▶ _Exercise goal_
Only the lines below from the one that holds "Blazing Needles 52" through the one that holds "对不同年龄段人皮肤切片的组化" should appear in the answer, copied exactly, end lines included and pictures omitted.
___ Data to process
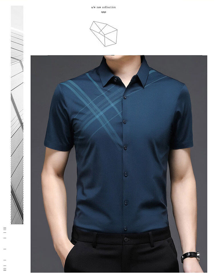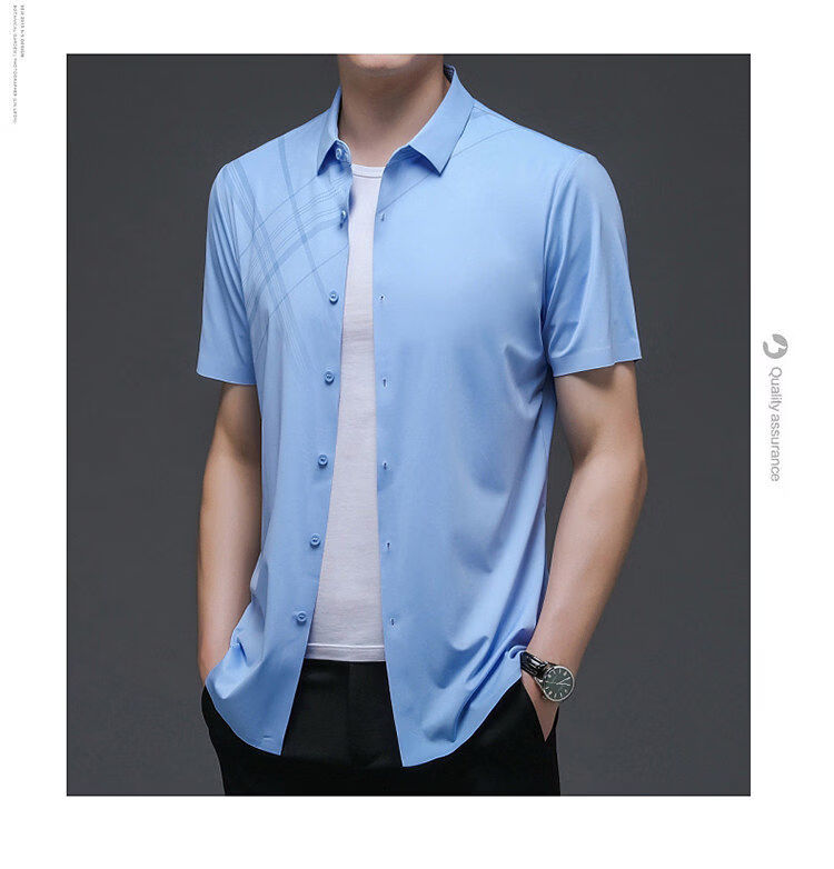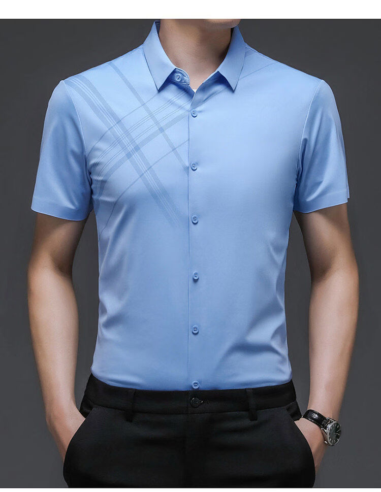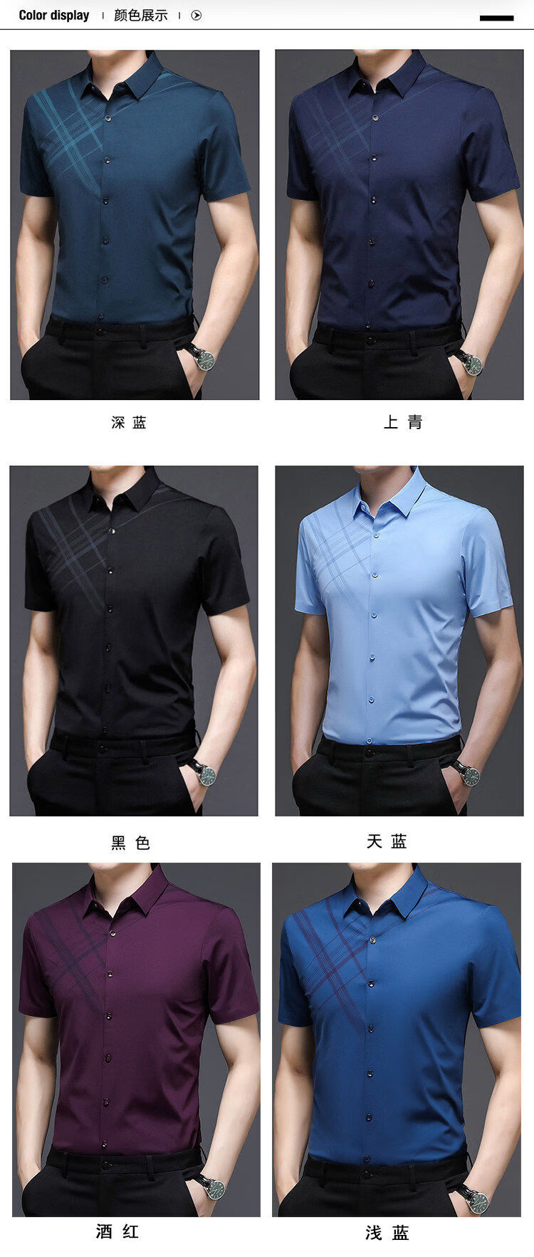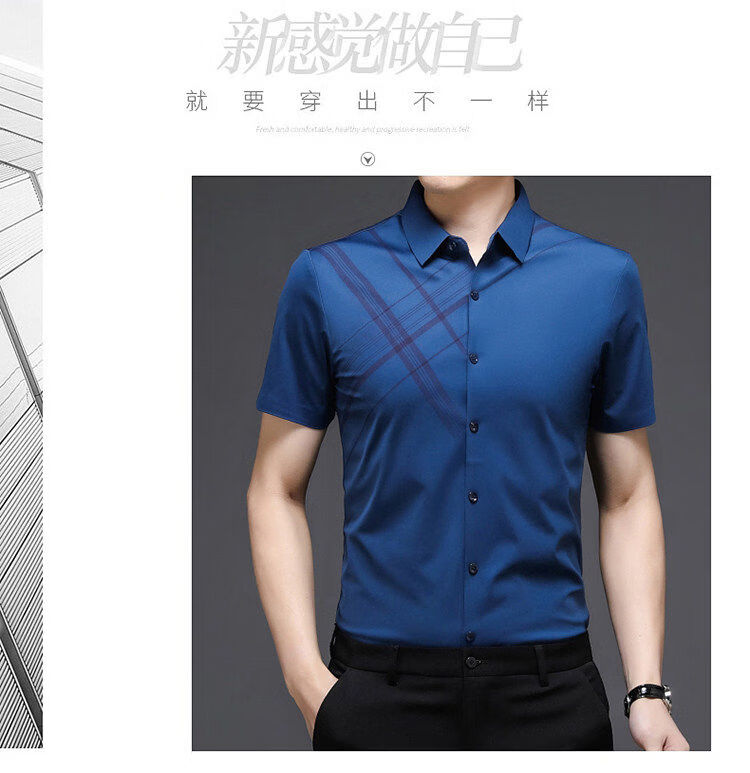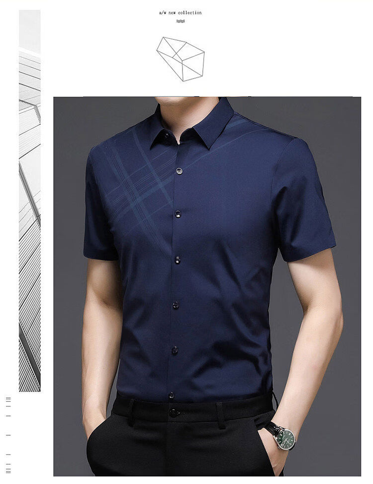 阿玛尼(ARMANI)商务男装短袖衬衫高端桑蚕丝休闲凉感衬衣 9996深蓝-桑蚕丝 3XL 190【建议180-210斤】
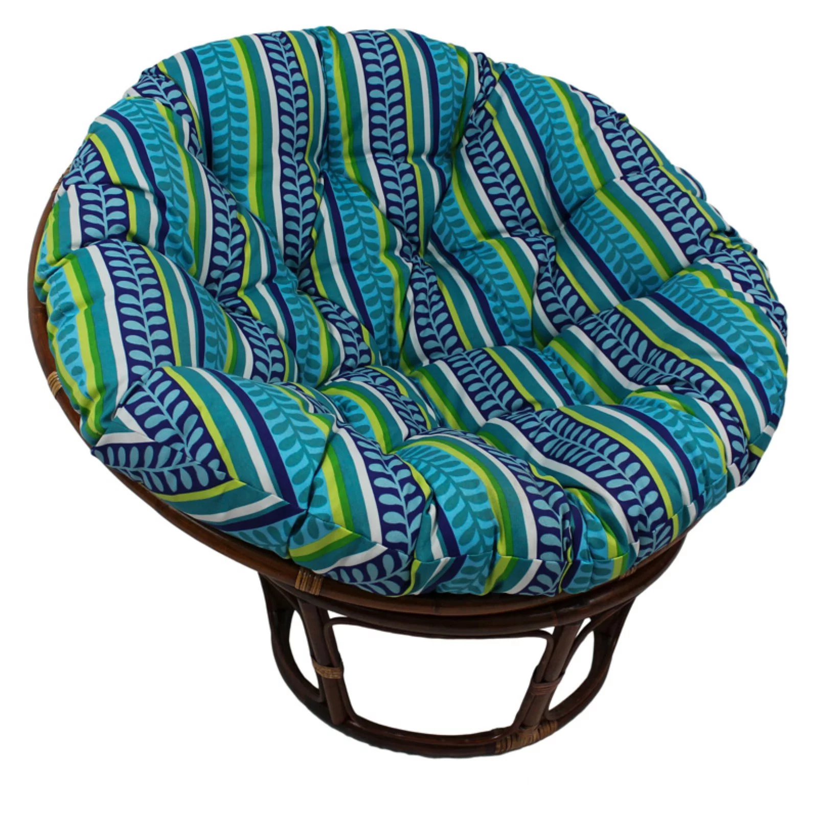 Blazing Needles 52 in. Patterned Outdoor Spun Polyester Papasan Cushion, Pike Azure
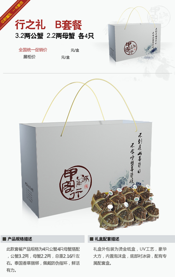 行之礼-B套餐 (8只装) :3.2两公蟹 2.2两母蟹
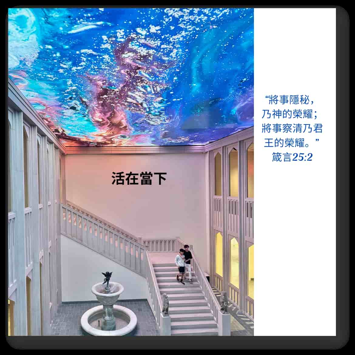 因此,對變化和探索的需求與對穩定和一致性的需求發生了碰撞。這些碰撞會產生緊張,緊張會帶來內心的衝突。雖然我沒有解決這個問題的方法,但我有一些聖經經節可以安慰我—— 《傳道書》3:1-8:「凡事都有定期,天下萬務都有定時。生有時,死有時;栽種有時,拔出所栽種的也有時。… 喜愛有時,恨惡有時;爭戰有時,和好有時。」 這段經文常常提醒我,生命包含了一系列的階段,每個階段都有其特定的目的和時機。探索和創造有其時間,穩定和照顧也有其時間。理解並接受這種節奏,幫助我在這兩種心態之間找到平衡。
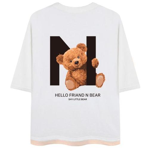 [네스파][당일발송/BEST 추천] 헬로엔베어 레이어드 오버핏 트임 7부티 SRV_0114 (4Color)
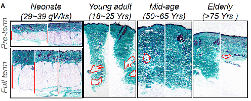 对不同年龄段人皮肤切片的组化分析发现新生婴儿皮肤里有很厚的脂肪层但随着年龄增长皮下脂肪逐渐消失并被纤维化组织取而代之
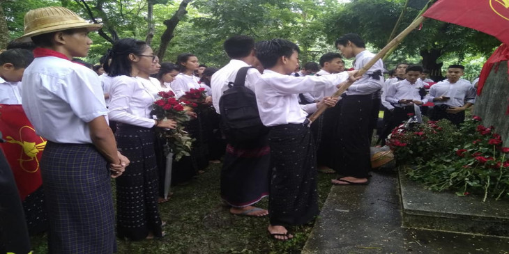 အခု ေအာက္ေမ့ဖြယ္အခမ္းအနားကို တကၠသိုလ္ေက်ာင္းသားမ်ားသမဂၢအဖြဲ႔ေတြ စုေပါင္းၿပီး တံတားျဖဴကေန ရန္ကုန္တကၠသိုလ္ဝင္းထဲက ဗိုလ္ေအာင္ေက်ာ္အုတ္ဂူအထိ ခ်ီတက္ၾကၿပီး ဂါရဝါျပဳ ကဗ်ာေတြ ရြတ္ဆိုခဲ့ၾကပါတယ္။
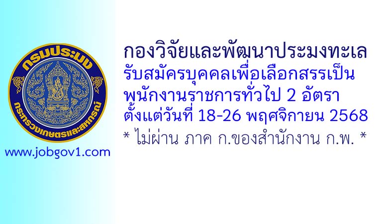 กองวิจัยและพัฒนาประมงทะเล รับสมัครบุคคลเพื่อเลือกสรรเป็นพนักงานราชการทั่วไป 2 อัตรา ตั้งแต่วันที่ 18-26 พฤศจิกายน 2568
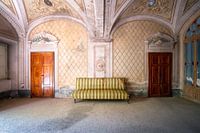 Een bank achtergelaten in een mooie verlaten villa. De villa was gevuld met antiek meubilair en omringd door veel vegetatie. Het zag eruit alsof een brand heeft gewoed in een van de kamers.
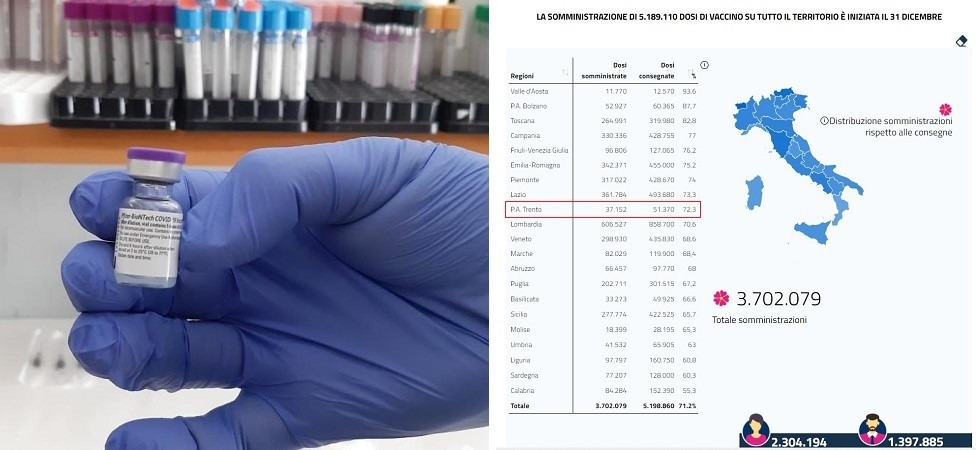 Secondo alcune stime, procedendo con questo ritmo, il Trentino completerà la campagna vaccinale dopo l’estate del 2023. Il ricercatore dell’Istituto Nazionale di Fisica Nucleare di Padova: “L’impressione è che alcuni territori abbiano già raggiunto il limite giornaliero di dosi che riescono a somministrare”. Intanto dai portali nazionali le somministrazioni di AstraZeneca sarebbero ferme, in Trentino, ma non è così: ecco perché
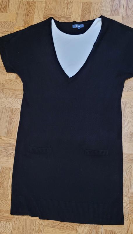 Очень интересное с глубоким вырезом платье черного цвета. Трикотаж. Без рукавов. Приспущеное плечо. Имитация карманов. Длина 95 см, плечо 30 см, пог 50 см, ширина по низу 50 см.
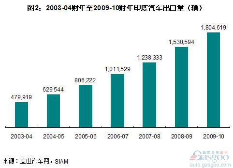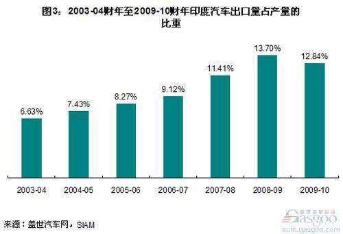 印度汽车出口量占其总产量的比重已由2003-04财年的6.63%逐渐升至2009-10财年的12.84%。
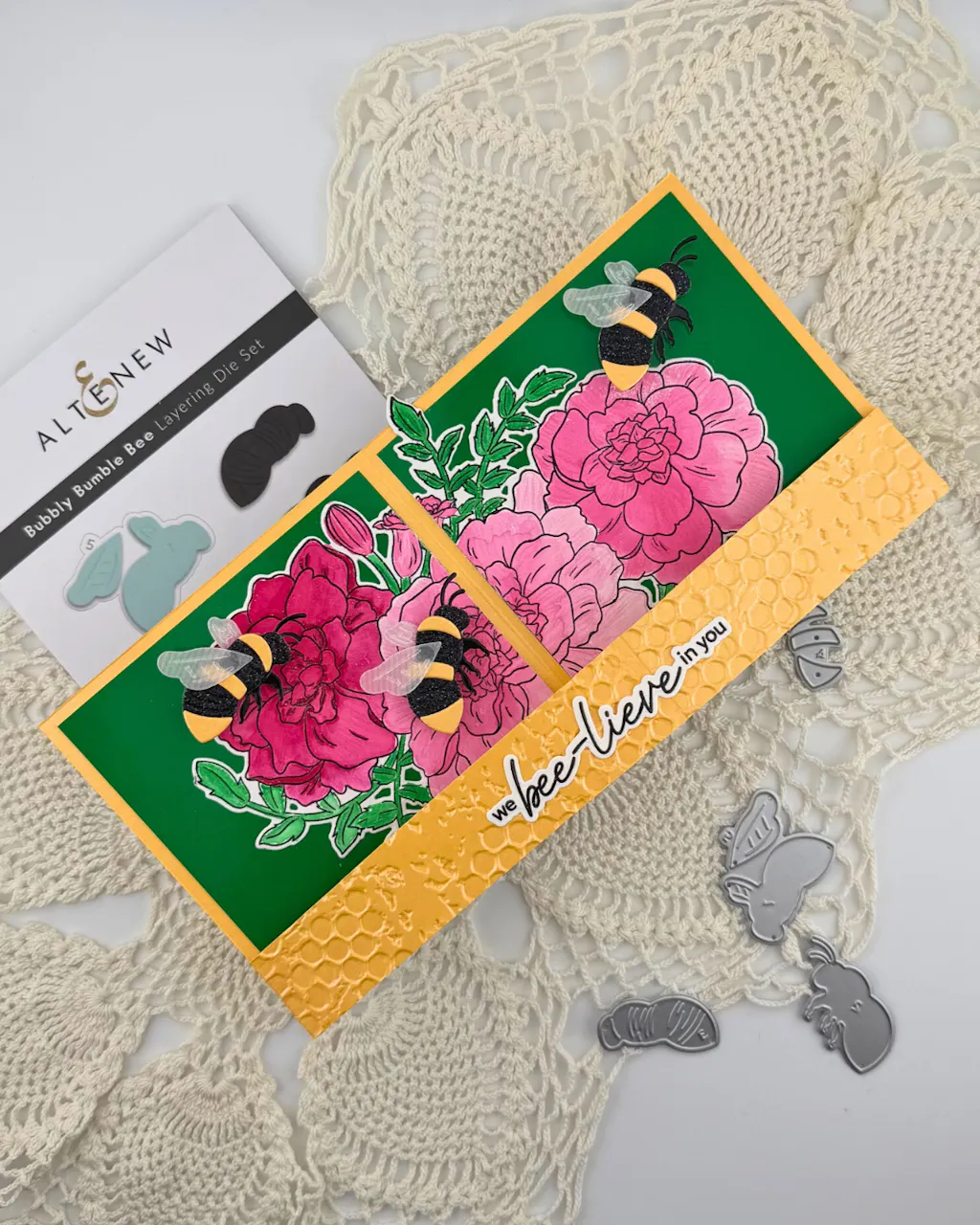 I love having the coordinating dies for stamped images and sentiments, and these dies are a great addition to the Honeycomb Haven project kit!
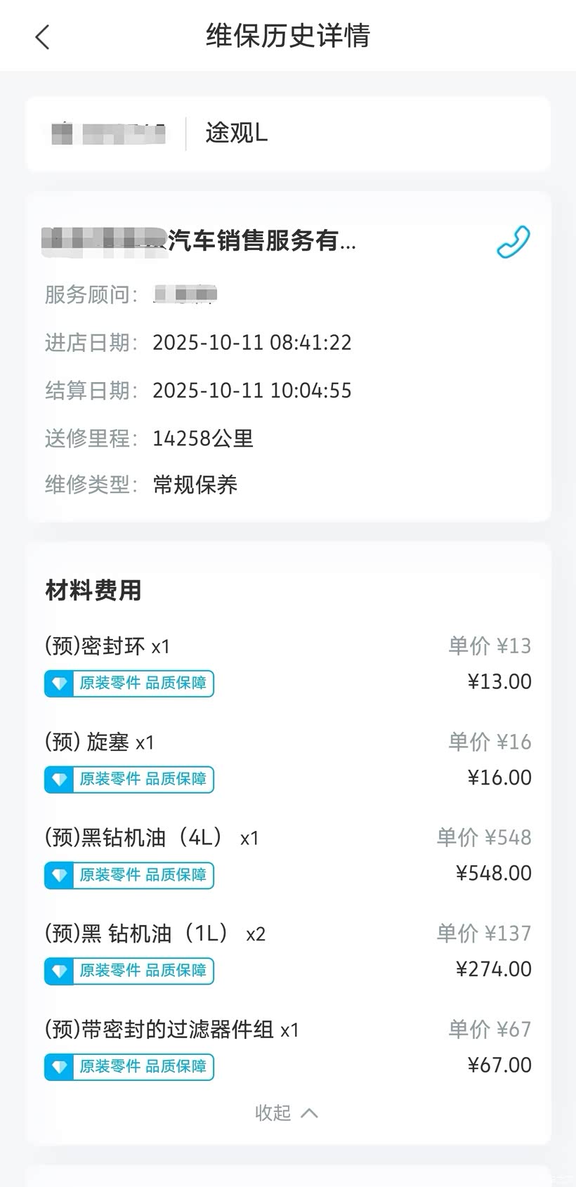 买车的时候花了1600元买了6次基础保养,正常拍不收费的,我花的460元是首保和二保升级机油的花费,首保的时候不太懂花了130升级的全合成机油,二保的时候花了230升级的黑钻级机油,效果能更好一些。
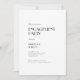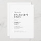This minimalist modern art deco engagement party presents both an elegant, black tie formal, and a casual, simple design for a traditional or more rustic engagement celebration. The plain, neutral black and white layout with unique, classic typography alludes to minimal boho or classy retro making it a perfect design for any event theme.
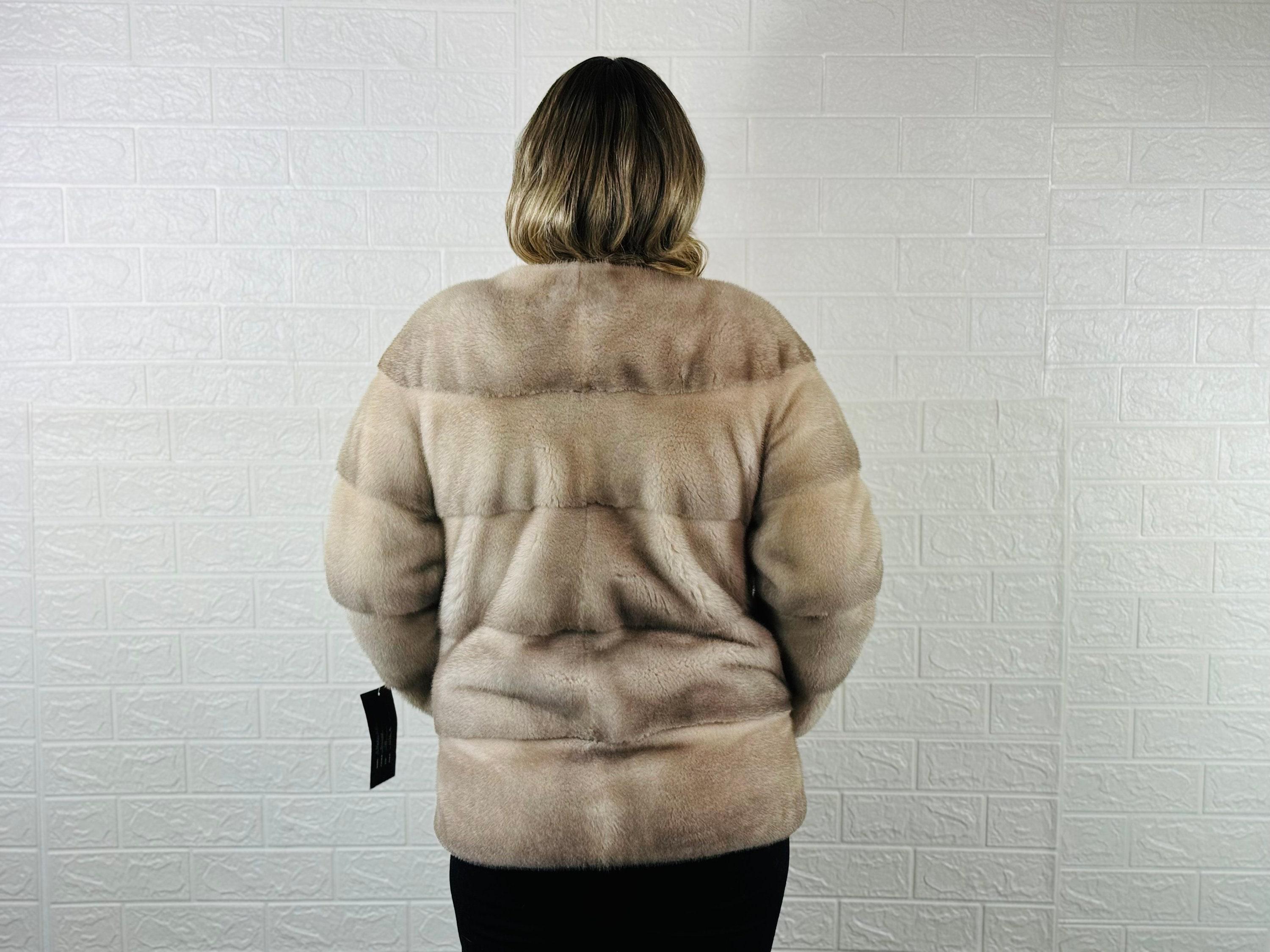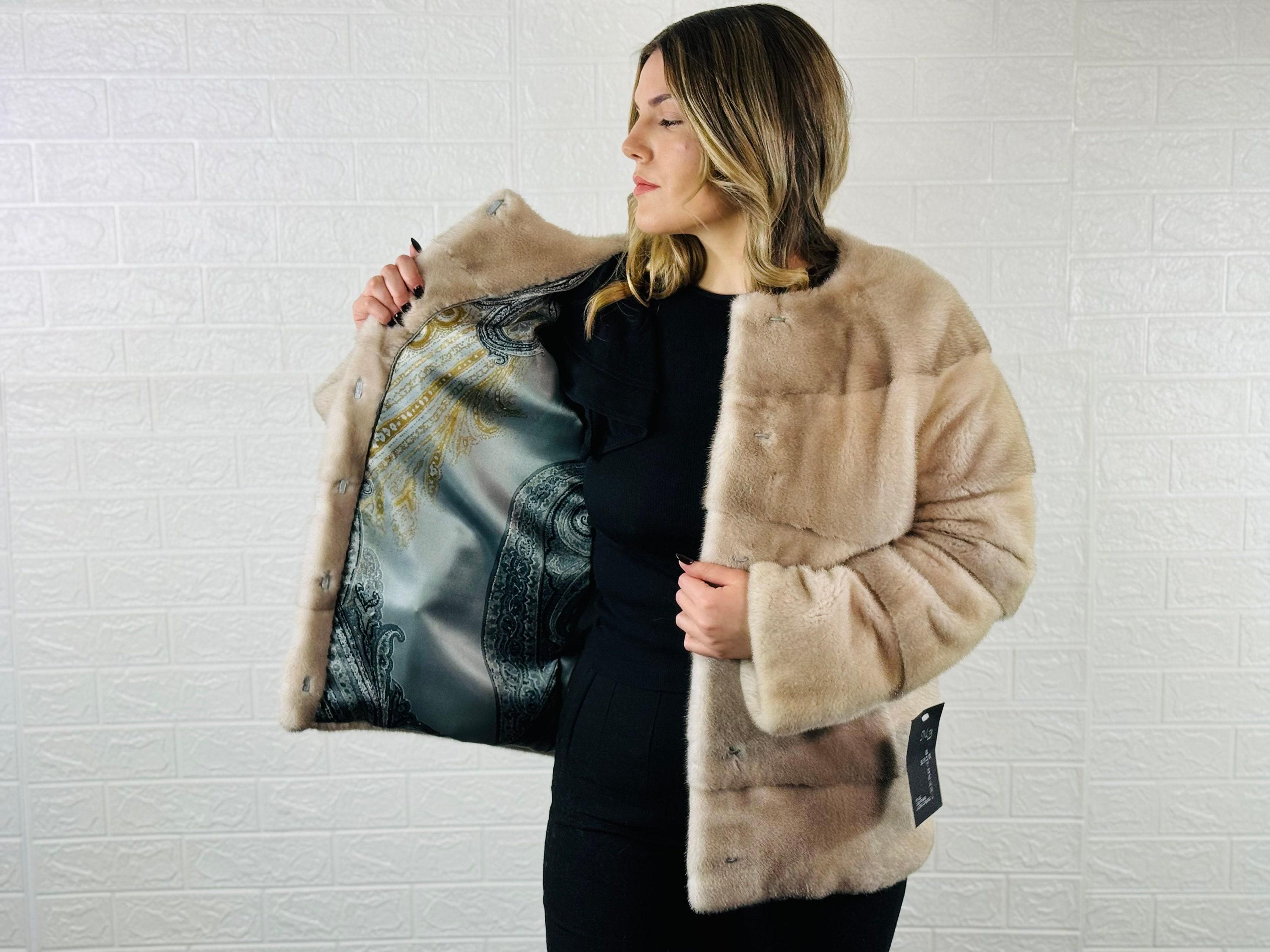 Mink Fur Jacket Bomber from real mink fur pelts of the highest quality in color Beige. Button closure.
______
▶ _Result_
 Blazing Needles 52 in. Patterned Outdoor Spun Polyester Papasan Cushion, Pike Azure
 行之礼-B套餐 (8只装) :3.2两公蟹 2.2两母蟹
 因此,對變化和探索的需求與對穩定和一致性的需求發生了碰撞。這些碰撞會產生緊張,緊張會帶來內心的衝突。雖然我沒有解決這個問題的方法,但我有一些聖經經節可以安慰我—— 《傳道書》3:1-8:「凡事都有定期,天下萬務都有定時。生有時,死有時;栽種有時,拔出所栽種的也有時。… 喜愛有時,恨惡有時;爭戰有時,和好有時。」 這段經文常常提醒我,生命包含了一系列的階段,每個階段都有其特定的目的和時機。探索和創造有其時間,穩定和照顧也有其時間。理解並接受這種節奏,幫助我在這兩種心態之間找到平衡。
 [네스파][당일발송/BEST 추천] 헬로엔베어 레이어드 오버핏 트임 7부티 SRV_0114 (4Color)
 对不同年龄段人皮肤切片的组化分析发现新生婴儿皮肤里有很厚的脂肪层但随着年龄增长皮下脂肪逐渐消失并被纤维化组织取而代之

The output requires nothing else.